Que ceux et celles qui craignent de voir frapper un jour à leur porte une ribambelle d’enfants les appelant "papa" ou "maman" se rassurent ! En France, les donneurs de gamètes restent incognito. Une situation qui semble satisfaire la majorité : près de huit français sur dix se disent très attachés à l’anonymat entourant le don de sperme ou d’ovocytes.

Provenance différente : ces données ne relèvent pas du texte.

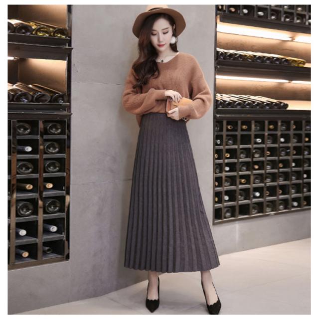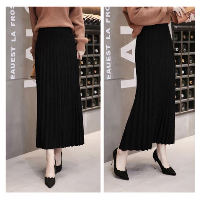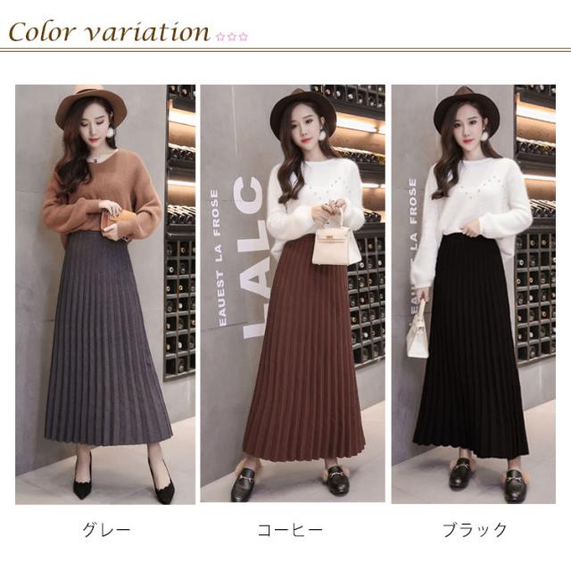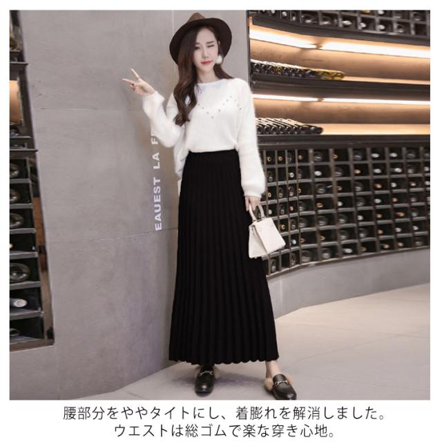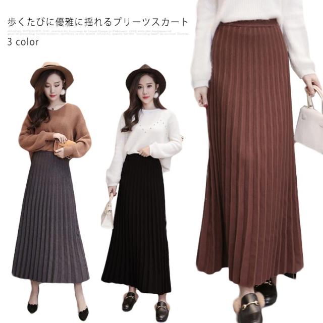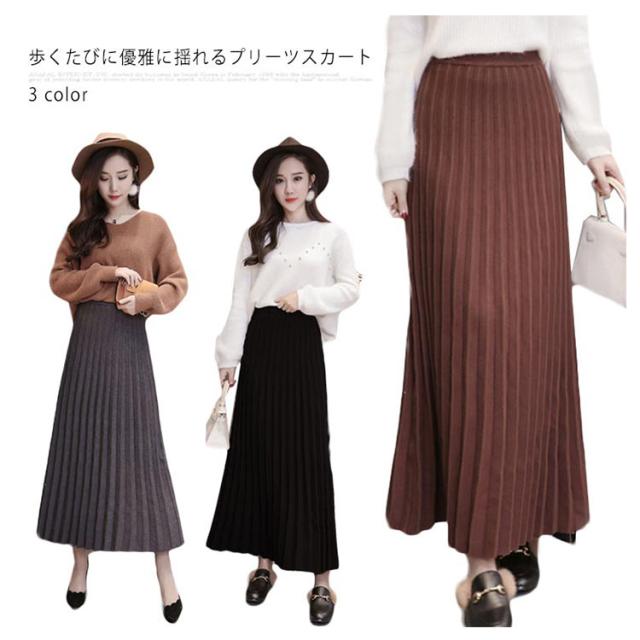 ニットスカート 秋冬 春 ニットプリーツスカート プリーツスカート ロングスカート フレアスカート ハイウエスト リブ ロング丈 無地 リブニット リブニット ボトムス マキシ丈 おしゃれ 秋冬 シンプル 通勤 デート

La loi bioéthique, qui encadre le don de gamètes, interdit aussi le don direct, c’est-à-dire, entre deux individus qui se connaissent. Inutile d’envisager d’offrir vos ovocytes à votre sœur, en tout cas dans une clinique française.
… et gratuit
La législation n’autorise pas, non plus, la rémunération du don de gamètes. "En France, nous faisons appel à la solidarité et la générosité pour vaincre la stérilité ", rappelle François Thepot. Le directeur médical adjoint de l’Agence de la biomédecine refuse l’idée d’une "marchandisation" du sperme et des ovocytes.
Beaucoup de pays, eux, n’ont pas hésité. Au Danemark, par exemple, les hommes empochent entre 30 et 50 euros par don. Quand aux Espagnoles ou aux Belges, elles peuvent "vendre" leur ovules pour près de 1 000 euros !
Qui peut donner ?
Toute personne remplissant les critères suivants :
- être âgé de moins de 45 ans pour les hommes, 35 ans pour les femmes ;
- avoir déjà un enfant ;
- être marié ou en couple depuis deux ans ;
- avoir l’accord de son(a) conjoint(e).
La loi limite à dix, le nombre d’enfants issus d’un même donneur. La raison est simple : imaginez dans quelques années deux jeunes gens, issus d’un même père biologique, tomber amoureux et avoir des enfants…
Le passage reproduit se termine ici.